EXERCISE DIRECTIONS: Output only the lines below that start at the line containing "PARTER: hol de" and end at the line containing "permanently protected, temporarily", with both ends kept.

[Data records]
=======

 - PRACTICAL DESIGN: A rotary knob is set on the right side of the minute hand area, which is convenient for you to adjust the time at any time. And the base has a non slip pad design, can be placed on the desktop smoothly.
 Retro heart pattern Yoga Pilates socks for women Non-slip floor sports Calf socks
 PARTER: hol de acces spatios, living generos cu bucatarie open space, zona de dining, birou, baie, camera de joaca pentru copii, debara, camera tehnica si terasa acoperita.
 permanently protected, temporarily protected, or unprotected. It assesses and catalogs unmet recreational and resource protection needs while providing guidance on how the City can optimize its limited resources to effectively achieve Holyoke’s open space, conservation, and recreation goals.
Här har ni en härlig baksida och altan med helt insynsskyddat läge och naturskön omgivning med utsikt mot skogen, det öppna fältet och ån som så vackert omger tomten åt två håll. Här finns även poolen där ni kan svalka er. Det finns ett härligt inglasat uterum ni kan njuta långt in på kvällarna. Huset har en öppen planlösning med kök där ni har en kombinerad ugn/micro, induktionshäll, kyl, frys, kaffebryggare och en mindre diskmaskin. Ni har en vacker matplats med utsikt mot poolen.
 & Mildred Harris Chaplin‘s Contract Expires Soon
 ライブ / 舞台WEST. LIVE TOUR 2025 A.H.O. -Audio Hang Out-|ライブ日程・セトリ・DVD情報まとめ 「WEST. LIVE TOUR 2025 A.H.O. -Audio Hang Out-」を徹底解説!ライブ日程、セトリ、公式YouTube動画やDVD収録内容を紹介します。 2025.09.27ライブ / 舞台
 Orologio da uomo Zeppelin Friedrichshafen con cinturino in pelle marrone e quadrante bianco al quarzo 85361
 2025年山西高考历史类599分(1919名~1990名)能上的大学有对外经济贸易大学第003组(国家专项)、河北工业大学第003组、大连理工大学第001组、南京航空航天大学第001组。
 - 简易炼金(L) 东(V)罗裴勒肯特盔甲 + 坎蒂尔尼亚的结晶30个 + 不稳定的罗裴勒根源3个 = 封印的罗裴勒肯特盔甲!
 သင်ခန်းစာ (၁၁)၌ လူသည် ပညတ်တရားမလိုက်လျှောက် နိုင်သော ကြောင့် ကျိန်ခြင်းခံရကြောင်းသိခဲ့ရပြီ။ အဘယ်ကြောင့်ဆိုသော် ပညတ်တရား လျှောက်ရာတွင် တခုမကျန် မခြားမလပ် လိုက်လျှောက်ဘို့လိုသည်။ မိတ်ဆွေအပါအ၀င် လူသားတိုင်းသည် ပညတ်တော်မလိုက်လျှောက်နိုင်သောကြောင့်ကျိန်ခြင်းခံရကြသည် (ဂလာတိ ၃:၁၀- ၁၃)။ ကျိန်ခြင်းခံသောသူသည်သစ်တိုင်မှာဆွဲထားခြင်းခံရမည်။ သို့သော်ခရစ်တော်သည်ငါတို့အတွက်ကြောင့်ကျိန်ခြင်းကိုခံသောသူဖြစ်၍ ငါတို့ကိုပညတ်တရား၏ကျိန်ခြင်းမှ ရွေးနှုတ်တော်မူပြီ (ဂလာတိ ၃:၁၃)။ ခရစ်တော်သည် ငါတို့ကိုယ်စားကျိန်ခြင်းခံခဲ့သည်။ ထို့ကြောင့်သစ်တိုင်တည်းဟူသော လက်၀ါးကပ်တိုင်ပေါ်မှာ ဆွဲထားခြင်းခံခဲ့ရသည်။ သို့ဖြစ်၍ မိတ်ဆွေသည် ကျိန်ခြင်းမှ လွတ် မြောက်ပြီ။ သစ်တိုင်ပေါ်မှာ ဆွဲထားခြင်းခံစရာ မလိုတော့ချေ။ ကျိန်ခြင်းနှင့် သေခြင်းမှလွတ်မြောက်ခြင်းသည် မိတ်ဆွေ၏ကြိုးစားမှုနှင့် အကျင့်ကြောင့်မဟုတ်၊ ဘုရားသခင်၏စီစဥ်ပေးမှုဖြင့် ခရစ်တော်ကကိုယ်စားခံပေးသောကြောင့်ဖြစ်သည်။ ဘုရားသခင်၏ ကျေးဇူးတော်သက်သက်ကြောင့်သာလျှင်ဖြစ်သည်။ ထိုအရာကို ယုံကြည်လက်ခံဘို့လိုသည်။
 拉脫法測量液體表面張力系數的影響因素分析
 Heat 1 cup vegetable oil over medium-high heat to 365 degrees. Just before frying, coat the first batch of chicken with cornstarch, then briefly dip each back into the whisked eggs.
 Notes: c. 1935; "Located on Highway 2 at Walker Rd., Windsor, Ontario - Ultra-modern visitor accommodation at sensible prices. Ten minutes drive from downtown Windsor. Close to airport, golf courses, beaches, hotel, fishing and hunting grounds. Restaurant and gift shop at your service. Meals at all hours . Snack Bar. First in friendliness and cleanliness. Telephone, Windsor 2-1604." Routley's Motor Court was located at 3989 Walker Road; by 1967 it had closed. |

=======

YOUR SOLUTION:
 PARTER: hol de acces spatios, living generos cu bucatarie open space, zona de dining, birou, baie, camera de joaca pentru copii, debara, camera tehnica si terasa acoperita.
 permanently protected, temporarily protected, or unprotected. It assesses and catalogs unmet recreational and resource protection needs while providing guidance on how the City can optimize its limited resources to effectively achieve Holyoke’s open space, conservation, and recreation goals.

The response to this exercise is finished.